Seo was born in Gwangju, South Korea. She won the 2025 WPA Women's World Nine-ball Championship. Seo is the second South Korean to win the WPA Women's World Nine-ball Championship since Kim Ga-young in 2004 and 2006. She is recognized as a WPBA Elite Pro.

== Career ==
Seo began playing pool in 2013 after her parents encouraged her to take up a sport. In 2017, she competed in the World Junior 9‑Ball Championship in Moscow. Fourteen at the time, she lost in the qualifying rounds to eventual champion—and future rival—Kristina Tkach, 18, before rallying to finish in the top eight.
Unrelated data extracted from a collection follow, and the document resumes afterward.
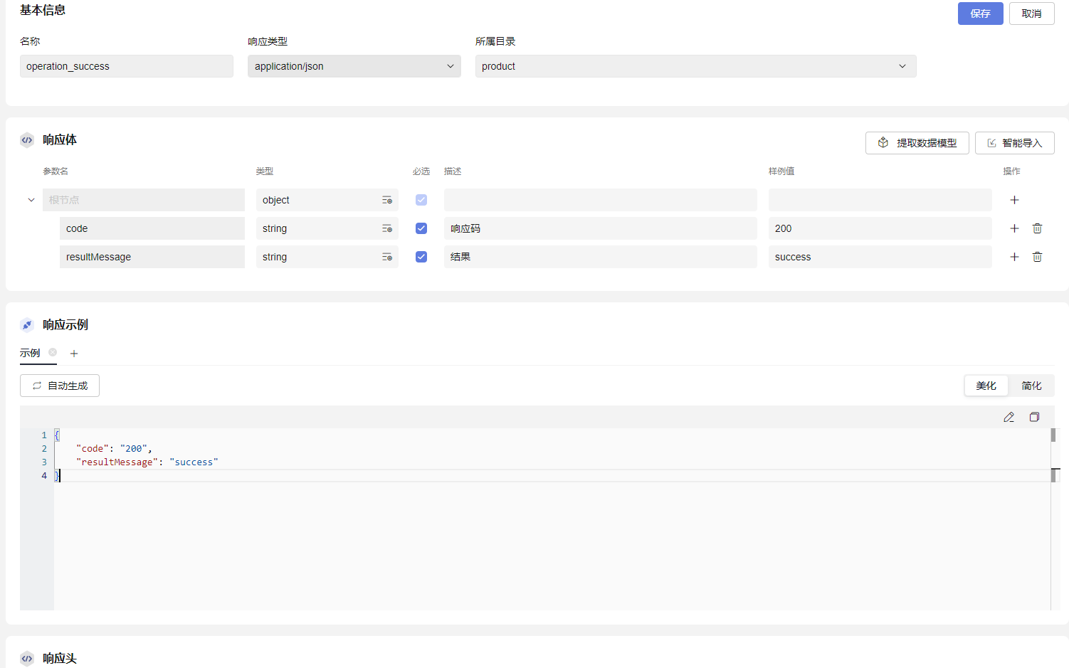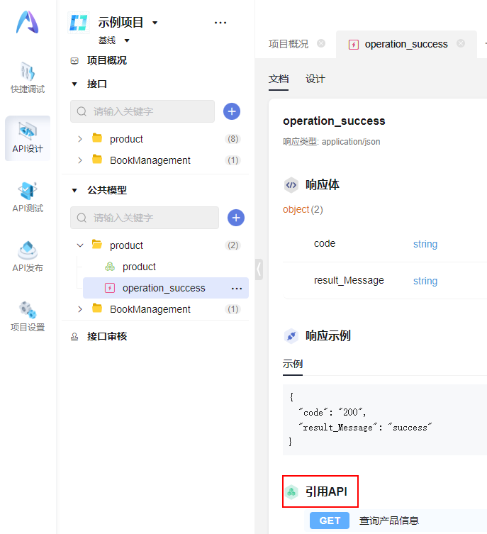 在设计API的响应体时,可以直接引用已设计好的公共响应。
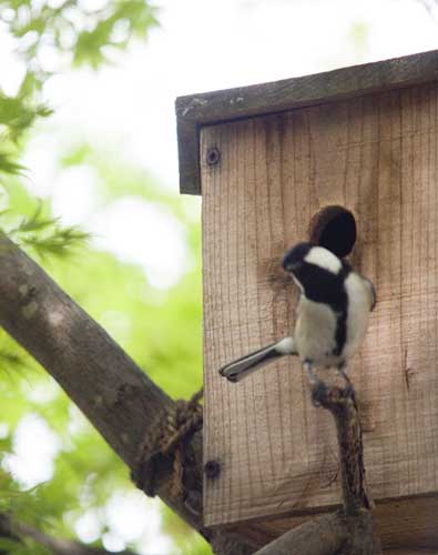 庭の巣箱のシジュウカラ
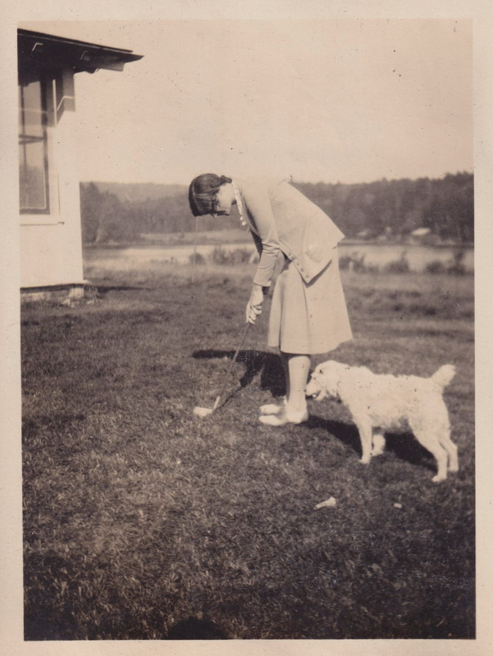 Black-and-White photograph of an unidentified woman golfing. The Jones Family's dog, Peggy, is standing next to her.
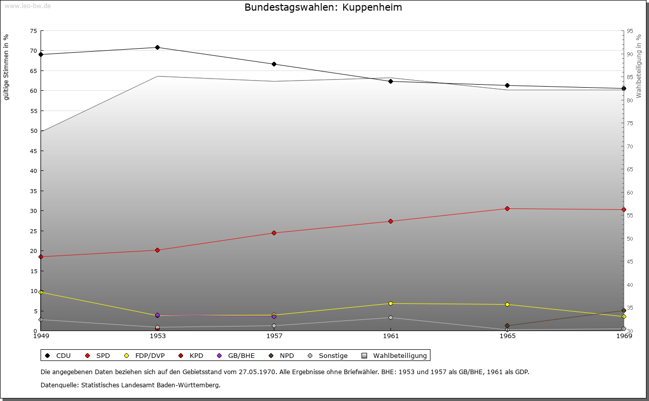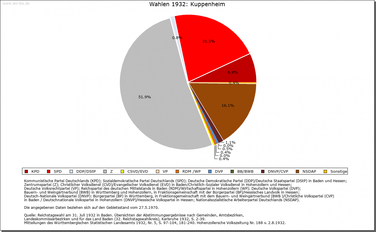 | Geschichte: | Um 1100 (Kopialüberlieferung 16. Jahrhundert) Cuppenheim, 1254 Cuppenhem. Alte Siedlung. Bei Erstnennung Schenkungen des Grafen Berthold von Staufenberg an Kloster Hirsau. 1254 bereits Stadt mit Markt und im Besitz der Grafen von Eberstein. Ovale regelmäßige Stadtanlage mit Unterem Tor im Norden und Oberem im Süden, beide Anfang 19. Jahrhundert abgebrochen, Reste der Stadtmauer noch vorhanden. Schloss im Osten des Mauerrings 1279 ersterwähnt, wohl identisch mit dem Hof der ebersteinischen Schenken; vor 1683 weitgehend abgebrochen. Bis 1689 Amtshaus nördlich des Rathauses. 1279 Kuppenheim in Fehde des Markgrafen Rudolf mit dem Bischof von Straßburg niedergebrannt. Unmittelbar anschließend von den Grafen von Zweibrücken-Eberstein an die Markgrafen übergegangen. 1298 dem Kloster Weißenburg als Ersatz für Malsch zu Lehen aufgetragen. 1535-1771 zu Baden-Baden. 1689 durch die Franzosen total zerstört. Verlust des Amtssitzes an Rastatt. Wiederaufbau in fast dörflichen Formen. Rathaus von 1730. Stadtrecht 1920/35 entzogen, 1950 erneuert. |

She returned in 2018 and advanced all the way to the final, finishing as runner‑up. After returning home, she left high school in Gwangju and moved to Seoul to train at the Pocket Academy run by Kim Ga-young. In June of the following year, at age 16, she won her first women's national championship.

Seo has competed on the international professional pool circuit, representing South Korea in major nine‑ball tournaments. In July 2025, she became one of the few women to advance to the last 64 of the prestigious World Pool Championship, after defeating two-time world champion Albin Ouschan 9–2 in the early rounds of the event in Jeddah, Saudi Arabia. She was the only female competitor in the field and stood one win away from becoming the first woman to reach the last 32 at the World Pool Championship. She has also competed in domestic events such as the Namwon National Pocket Billiards Championship, where she won the women's division.
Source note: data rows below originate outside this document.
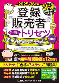 令和7年4月公表「登録販売者試験問題の作成に関する手引き」完全対応!直近3年分から、毎年頻出の重要問題と最新傾向問題を厳選。全国7ブロックどこでも対応!全国の試験問題を徹底分析して厳選収録。全国に対応した、本番レベルの予想模試1回分を収録!
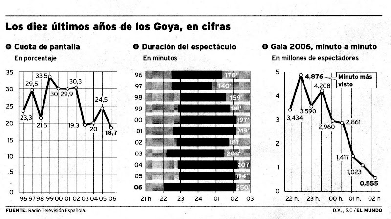 Sé que lucho contra una arraigada costumbre de la prensa económica. Pero me resisto a darla por buena. Y tengo adeptos. Miren qué gráficas tan pocholas publican los de la sección de Cultura, a cuenta de la gala de los Goya. Fíjense, sobre todo, en el espacio "vacío" de la gráfica de la izquierda, por debajo del nivel 15. ¿Desperdicio de papel? Ni hablar. Ese espacio en blanco es información también. Nos permite ver la verdadera dimensión de la caída de audienca en los últimos años. Enhorabuena, chicos. A ver si ahora convencéis a los de la Bolsa.
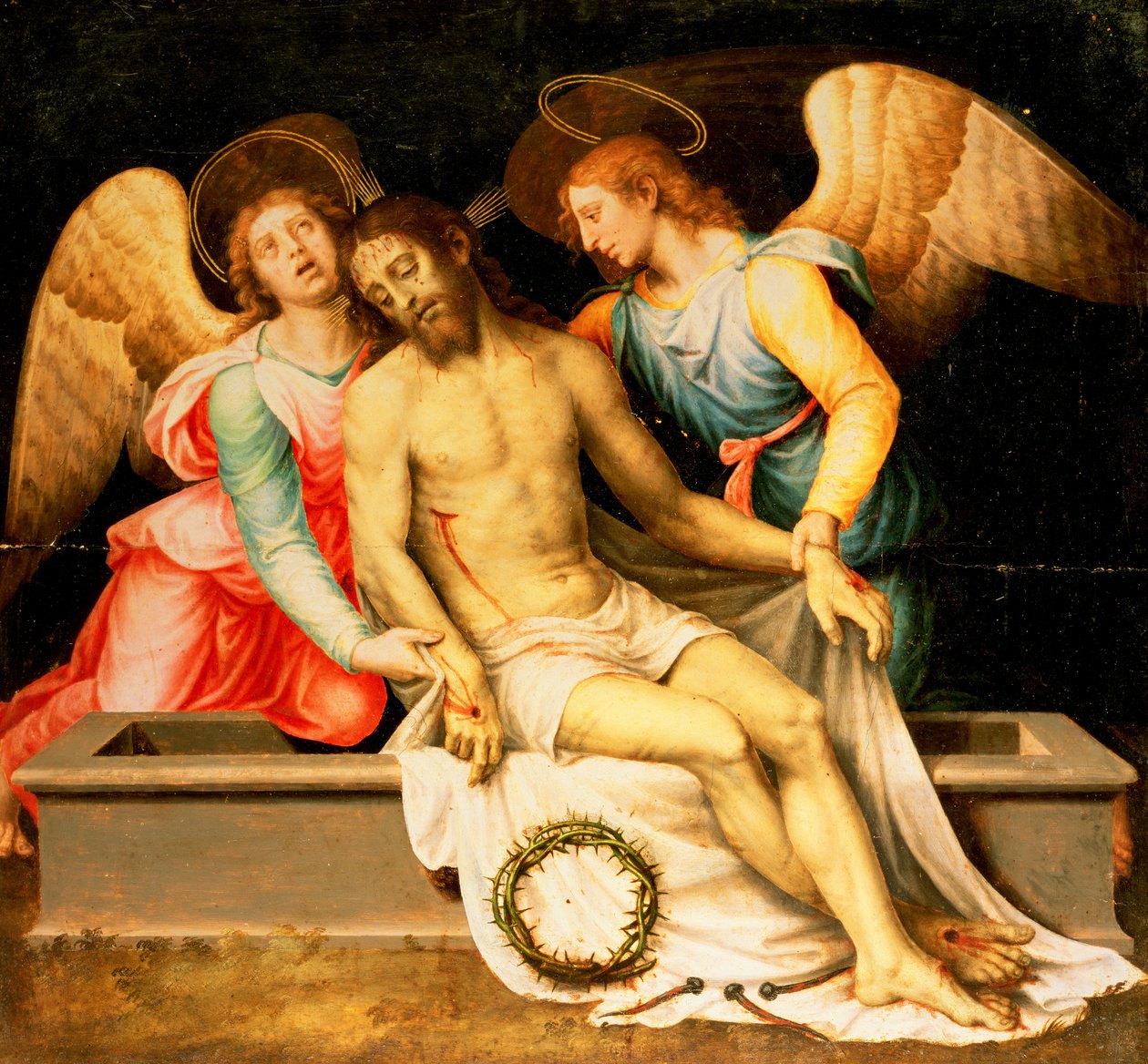 tomb · stigmata · crown of thorns · angel · mourning · crying · weeping · death · shroud · nails · Caylus Anticuario, Madrid, Spain / Bridgeman Images |
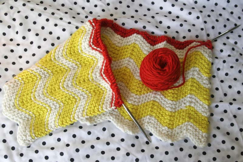 I’m not a very experienced knitter. Before this blanket I think I just knew how to knit and purl. I could knit or purl two together, and I could maybe increase a stitch or two after looking up how to do it on youtube. But for this baby blanket I learned two new stitches (kfb and ssk). And that was all it took to make a chevron stripe and the biggest thing I’ve ever knitted.
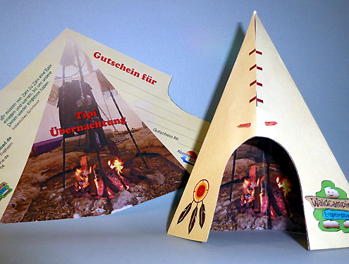 Für Tipi, Siedlerwagen und Bett im Wald haben wir sehr schöne Gutscheine erstellt. So können die Übernachtungen ganz einfach verschenkt werden.

Earlier in the 2025 season, Seo won the World 10‑Ball Open (Little Monster International Women's 10‑Ball Open) in Gandia, Spain, defeating world No. 8 Kelly Fisher in the final. She did this shortly after winning the Korean Sport & Olympic Committee President's Cup, demonstrating strong performances in both domestic and international competition.

Seo has also captured titles in regional events, including a victory at the Indonesian International Open as part of the Predator Pro Billiard Series in Jakarta.

== Championships ==

| Year | Event | Location | Result |
|---|---|---|---|
| 2019 | Korean 10-Ball National Championship (Muan Hwangto Onion Cup) | Muan-gun, S. Korea | Winner |
| 2021 | Korean 10-Ball National Championship (President's Cup) | South Korea | Winner |
| 2023 | 2023 WPA Women's World Nine-ball Championship | Atlantic City, NJ | 3rd Place |
| 2023 | Korean 10-Ball National Championship (Namwon) | Namwon, S. Korea | Winner |
| 2023 | Alfa Las Vegas Women's 10-Ball Open (Predator Pro Series) | Las Vegas | Winner |
| 2024 | Korean 10-Ball National Championship (Namwon) | Namwon, S. Korea | Winner |
| 2024 | All Japan Championship | Amagasaki, Japan | Winner |
| 2024 | 2024 WPA Women's World 10-Ball Championship | Puerto Rico | Runner-up |
| 2025 | Little Monster Women's 10‑Ball Open (Predator Pro Series) | Gandia, Spain | Winner |
| 2025 | Indonesia International Women's 10-Balll Open (Predator Pro Series) | Jakarta, Indonesia | Winner |
| 2025 | Korean 10-Ball National Championship (President's Cup) | South Korea | Winner |
| 2025 | 2025 WPA Women's World Nine-ball Championship | Jacksonville, Florida | Winner |

== Impact ==
Seo's run at the World Pool Championship in 2025 was reported as a landmark performance for a female player in an open professional event, attracting attention from international sports media.

== Personal life ==
Seoa has been a member of the Korea national pocket billiards team and has received extended corporate support through sponsorship from LG U+, which confirmed continued backing for her and teammate Lee Ha‑rin through 2027. Seoa currently resides in Incheon, South Korea.
Seoa is currently in a relationship with fellow Pool Player Robbie Capito of Hong Kong.